Write the lines below out exactly, dropping each picture.

==== DATASET EXCERPT ====

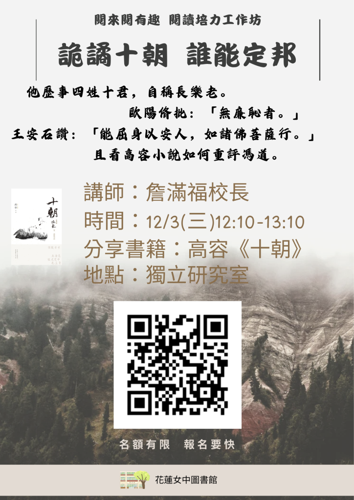 【公告】閱讀培力工作坊-4 開始報名Post author:圖書館主任Post published:2025-11-17Post category:圖書館 / 圖書館公告訊息 / 最新消息 / 校內活動閱讀培力工作坊第4場來囉!時間:12/3(三)12:10-13:10講師:詹O福校長地點:獨立研究室報名網址:https://forms.gle/aAFHM54VL5AjB8um9報名截止:11/28(五) Post Views: 17相關內容欣閱花女–10月共讀推薦2025-10-02全國高級中學閱讀心得寫作 第1101010梯次 得獎作品 2021-11-17轉知:擴大電子書計次借閱服務2024-12-09
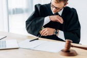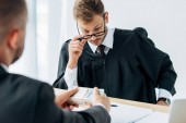 przemyślany sędzia trzymający okulary w pobliżu adwokata na niewyraźnym pierwszym planie
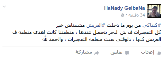 وقالت HaNady GelbaNa: “كنتاكي من يوم ما دخلت العريش مشفناش خير، كل التفجيرات في شارع البحر بتحصل عندها، منطقتنا كانت أهدى منطقة في العريش كلها، دلوقتي بقيت منطقة التفجيرات، والحمد لله”.
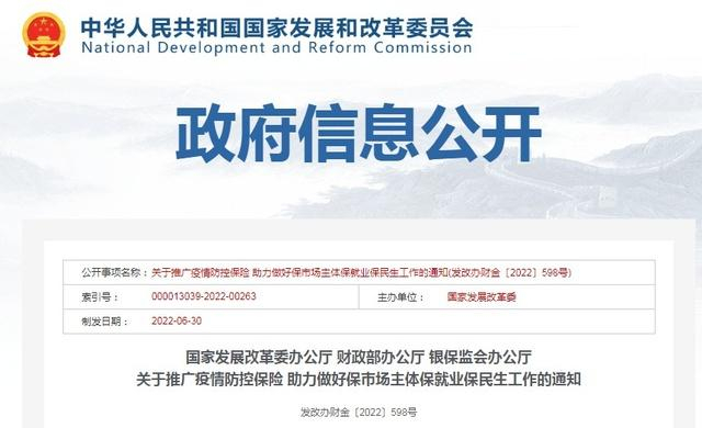 日前,国家发展改革委办公厅、财政部办公厅、银保监会办公厅联合下发《关于推广疫情防控保险助力做好保市场主体保就业保民生工作的通知》将结合部分地区工作经验,推广疫情防控保险,助力做好保市场主体保就业保民生有关工作。

====

* [THE ANSWER]:
 【公告】閱讀培力工作坊-4 開始報名Post author:圖書館主任Post published:2025-11-17Post category:圖書館 / 圖書館公告訊息 / 最新消息 / 校內活動閱讀培力工作坊第4場來囉!時間:12/3(三)12:10-13:10講師:詹O福校長地點:獨立研究室報名網址:https://forms.gle/aAFHM54VL5AjB8um9報名截止:11/28(五) Post Views: 17相關內容欣閱花女–10月共讀推薦2025-10-02全國高級中學閱讀心得寫作 第1101010梯次 得獎作品 2021-11-17轉知:擴大電子書計次借閱服務2024-12-09
 przemyślany sędzia trzymający okulary w pobliżu adwokata na niewyraźnym pierwszym planie
 وقالت HaNady GelbaNa: “كنتاكي من يوم ما دخلت العريش مشفناش خير، كل التفجيرات في شارع البحر بتحصل عندها، منطقتنا كانت أهدى منطقة في العريش كلها، دلوقتي بقيت منطقة التفجيرات، والحمد لله”.
 日前,国家发展改革委办公厅、财政部办公厅、银保监会办公厅联合下发《关于推广疫情防控保险助力做好保市场主体保就业保民生工作的通知》将结合部分地区工作经验,推广疫情防控保险,助力做好保市场主体保就业保民生有关工作。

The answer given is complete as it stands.